Recall that I took a flyer and included the source cell in Component, thinking that it would be useful. And I believe we can see that, now that we have that magical value ‘6’, we want to put it back, not into position 2 in the component, but into whatever cell in the game position 2 refers to. (That happens to be absolute position 2. We may need a better test, but I think we can create one.)

Then I decided to implement my solution first as part of the test file. Why? It would be “easy enough” to posit a method in SudokuTechniques and build what we need there. Often, I’ll do that very thing, programming “by intention” as Beck called it. Why not this time?

I’m not sure. It’s something about confidence, something about complexity. The method in SudokuTechniques will need to consider all positions in whatever component it looks at, and I think it’ll look, at least potentially, at every component in the game. And I wanted to test just one. So the code in the techniques class will contain something like the code in the test, somewhere, but with a lot of other code around it.

I wanted to isolate out this tiny bit, how to test one position. Thinking about that gave us the notion of a “PuzzleEdit” object, which seems it might be a good idea.

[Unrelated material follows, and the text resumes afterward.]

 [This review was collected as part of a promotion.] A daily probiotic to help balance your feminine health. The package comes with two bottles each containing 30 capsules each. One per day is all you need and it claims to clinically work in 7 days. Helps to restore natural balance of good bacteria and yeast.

So I’m glad that I did it that way. And I think I’m glad that I don’t always do it that way, because sometimes it seems like too small a step (which is probably not even possible). Other times, there is support in the object we’re testing against, and we want to take advantage of that.

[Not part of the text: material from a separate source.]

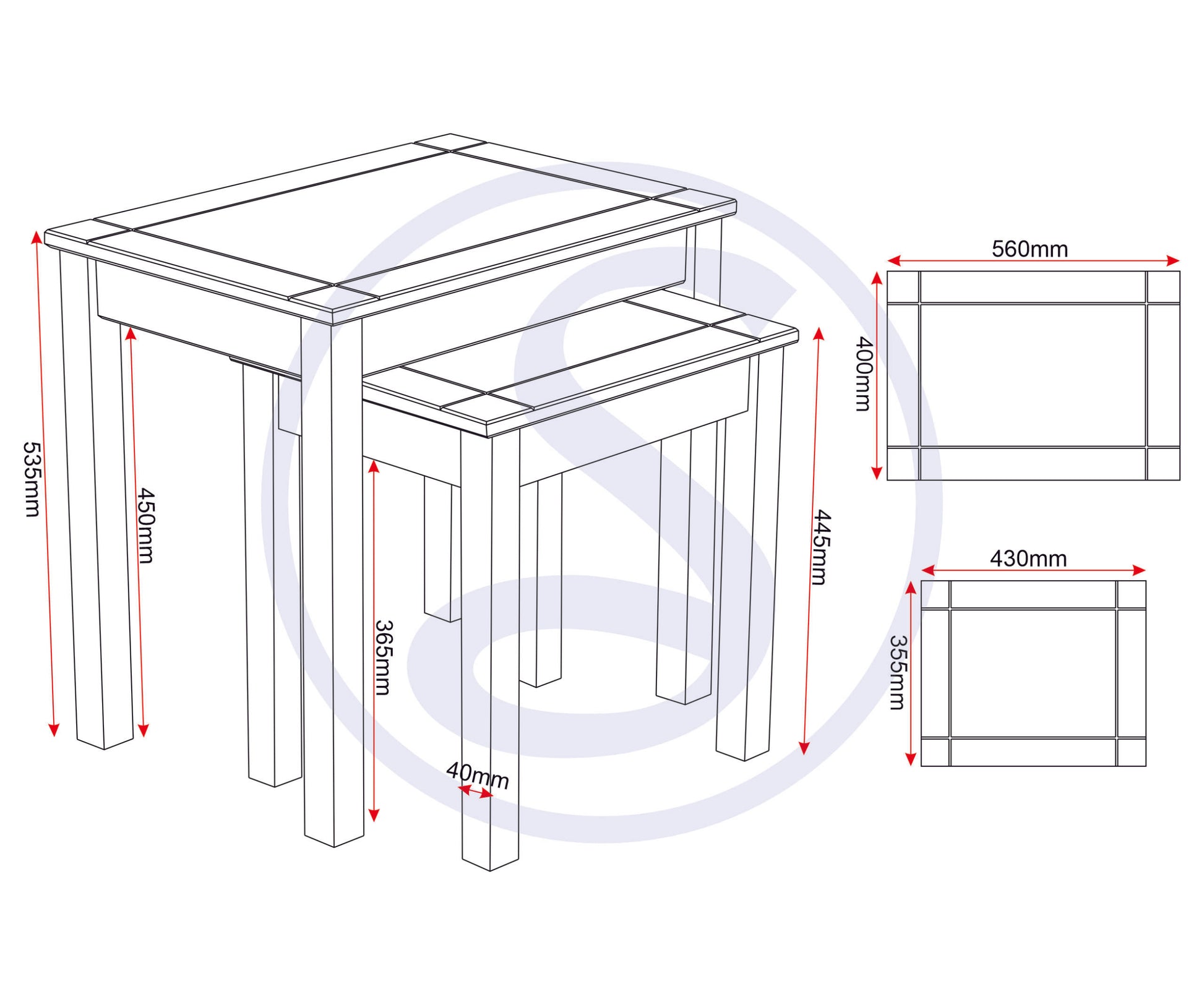 Assembled Sizes W x D x H (MM)

So this feeling is possibly suggesting something we suspect anyway: the techniques want to have their own unique support, probably in their own class, rather than to appear as methods in one big class.

We’ll have to wait to see whether that turns out to be the case, but I’d bet quite a lot that it will. We can see right now that if we keep them all in SudokuTechniques the description of the class will be, “well, it does this and then it does that and then …” and that, my friends, is the description of a junk class that needs to be split up.

So, we’ve learned a bit and probably started some thoughts running that will help us with the next phase. For now, it’s break time! See you again soon!